Records from a collection
^^^^^^^^^^^^^^^^

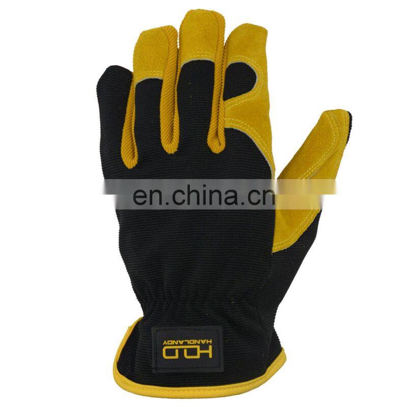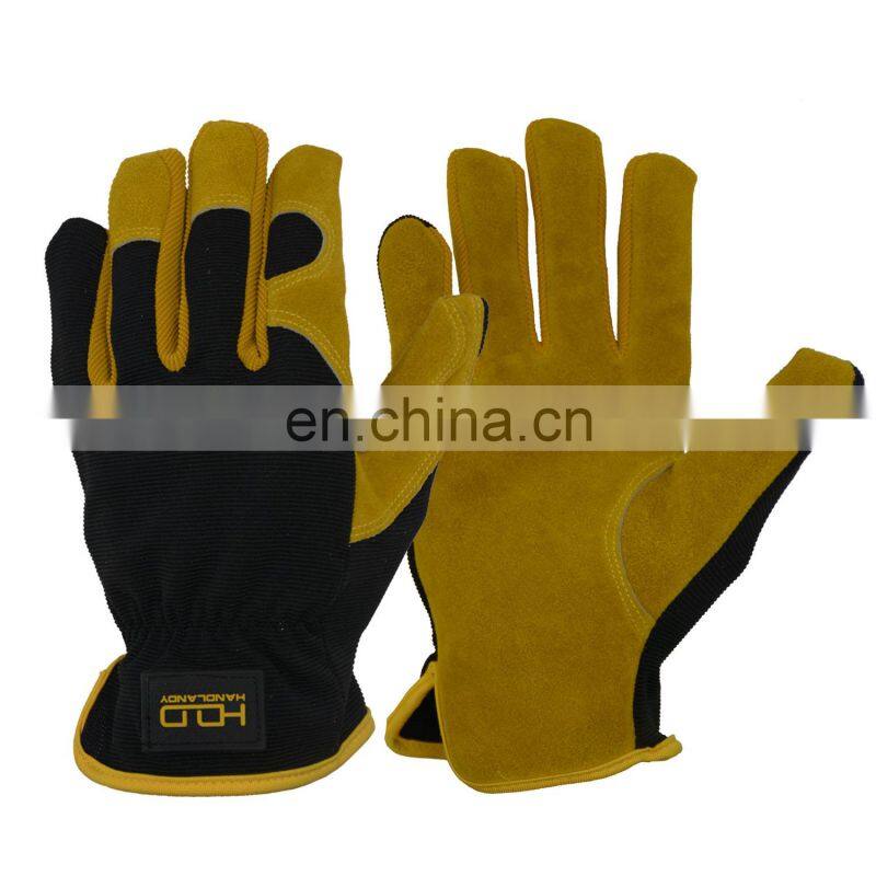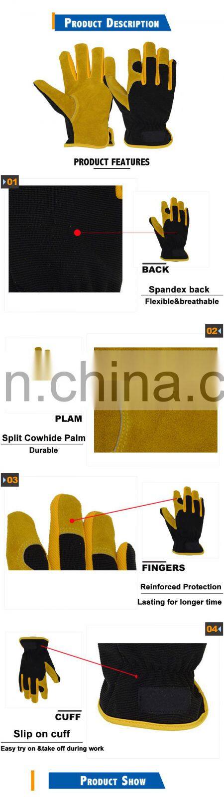 Yellow premium water repellent split cowhide palm spandex back Mechanic gloves for safety work,leather gloves working
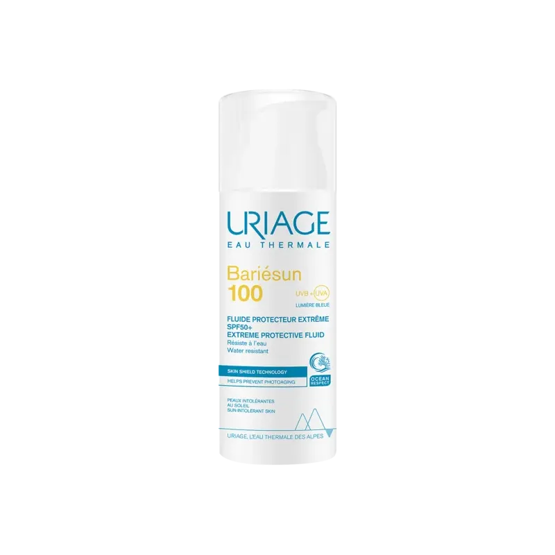 URIAGE Bariésun 100 Fluide Protecteur Extrême SPF50+ 50ml est une protection solaire très haute et extrême, conçue pour les peaux les plus sensibles et intolérantes au soleil, ainsi que pour les situations d'exposition intense.
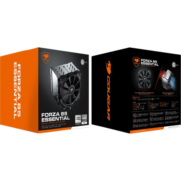 FORZA 85 ESSENTIALTorre de Refrigeración IndivualForza 85 Essential es un cooler de aire de torre única para CPUs de nivel medio/alto, que se combina con un ventilador de alto rendimiento, proporcionando a los usuarios un equilibrio óptimo entre un funcionamiento ultrasilencioso y una refrigeración extrema. Forza 85 Essential está creado para la mayoría de usuarios de alto rendimiento. (con capacidad de overclocking menor)
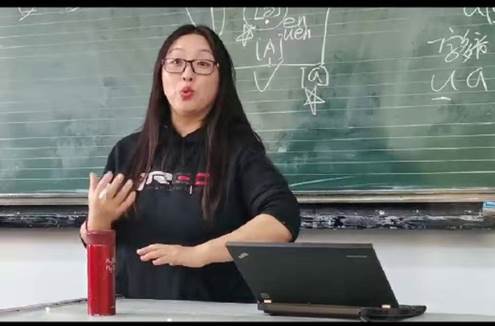 讲授新课环节,徐老师从“发音特点、发声练习、常见问题、歌词练习、曲目听辨”几方面对“怀来辙”、“灰堆辙”中的四个韵母进行了详细的讲解和分析。因为课程内容学生已经通过雨课堂提前进行了预习,所以在课上,学生可以直接演唱本节课的曲目,现场进行展示和听辨。授课中,徐老师不时对已学内容进行回顾和提问,还在听辨曲目时介绍了王立平、郑秋枫、王洛宾、徐沛东等作曲家以及歌剧《江姐》的有关内容。这不仅仅拓宽了学生的知识视野,还对学生进行了思想教育。
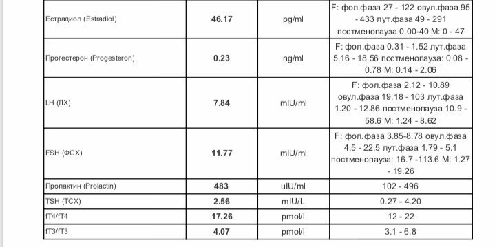 писах в друга тема, но искам мнение и от Вас. Часът при лекаря ми е в края на месеца, но след резултата от АМХ много се притеснявам.Изследването е правено на 2-ри ден от цикъла в лаборатория Лина. Ето и стойностите:
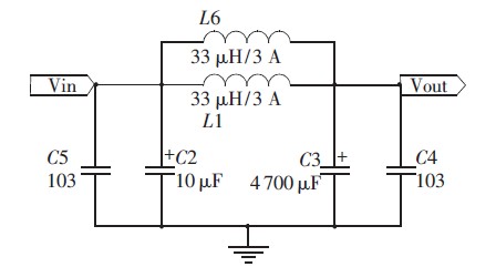 其中,L=33 μH,C=4 700 μF, 圖4 為低通濾波器電路圖。
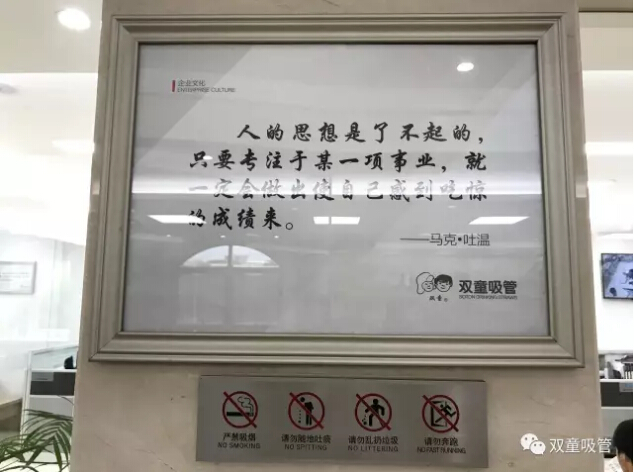 這些文化標(biāo)語,可不是隨便找來掛一掛的哦!它們都是從幾千句名人名言、經(jīng)典好書中擇取篩選出來,并經(jīng)過我們的詳細(xì)注釋,成為“雙童”企業(yè)文化的一部分!
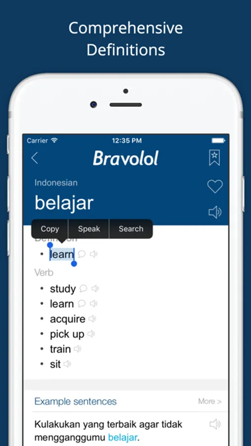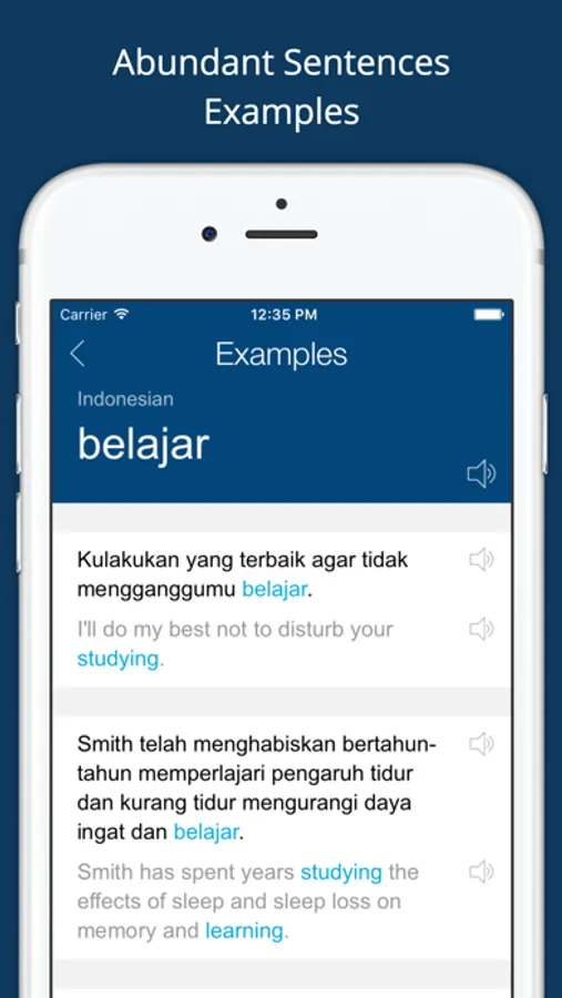 The Indonesian English Dictionary & Translator app enables you to search Indonesian & English words with definitions, examples, pronunciation, and more.
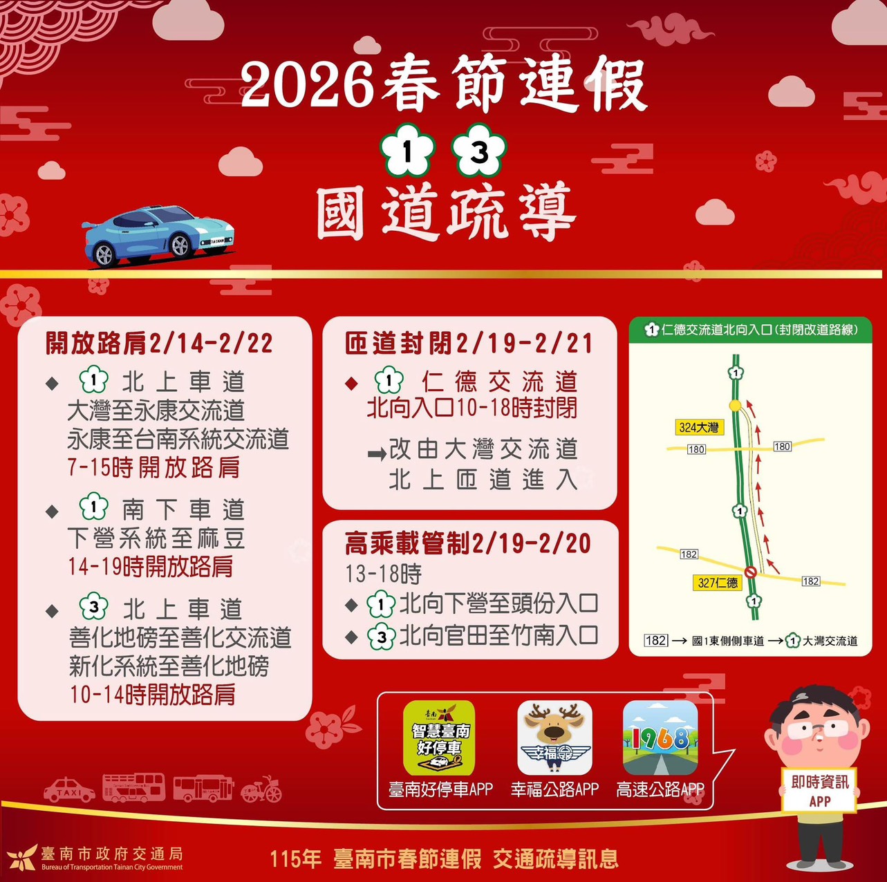 相關高速公路管制措施如下:國道1號仁德交流道北向入口,從2月19日(初三)起至2月21日(初五)止,每日10點至18點將封閉,建議市民朋友可改由高速一街前往大灣交流道,或右轉崑大路銜接永大路前往永康交流道,以避開壅塞路段。
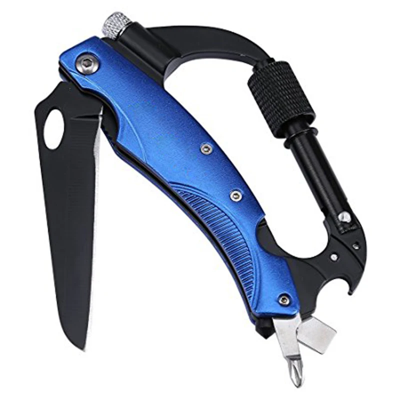 Name: Mosquetón 8 en 1 con Clip para llavero con linterna LED EDC herramienta de equipo de supervivencia para Camping tienda de senderismo xr-hot

^^^^^^^^^^^^^^^^

▸ TASK TO CARRY OUT: Please output the lines of the records above from the one with "這些文化標(biāo)語,可" through the last, exactly as they appear and with both ends included; skip any pictures and add nothing.

▸ ANSWER FOR THE TASK:
 這些文化標(biāo)語,可不是隨便找來掛一掛的哦!它們都是從幾千句名人名言、經(jīng)典好書中擇取篩選出來,并經(jīng)過我們的詳細(xì)注釋,成為“雙童”企業(yè)文化的一部分!
 The Indonesian English Dictionary & Translator app enables you to search Indonesian & English words with definitions, examples, pronunciation, and more.
 相關高速公路管制措施如下:國道1號仁德交流道北向入口,從2月19日(初三)起至2月21日(初五)止,每日10點至18點將封閉,建議市民朋友可改由高速一街前往大灣交流道,或右轉崑大路銜接永大路前往永康交流道,以避開壅塞路段。
 Name: Mosquetón 8 en 1 con Clip para llavero con linterna LED EDC herramienta de equipo de supervivencia para Camping tienda de senderismo xr-hot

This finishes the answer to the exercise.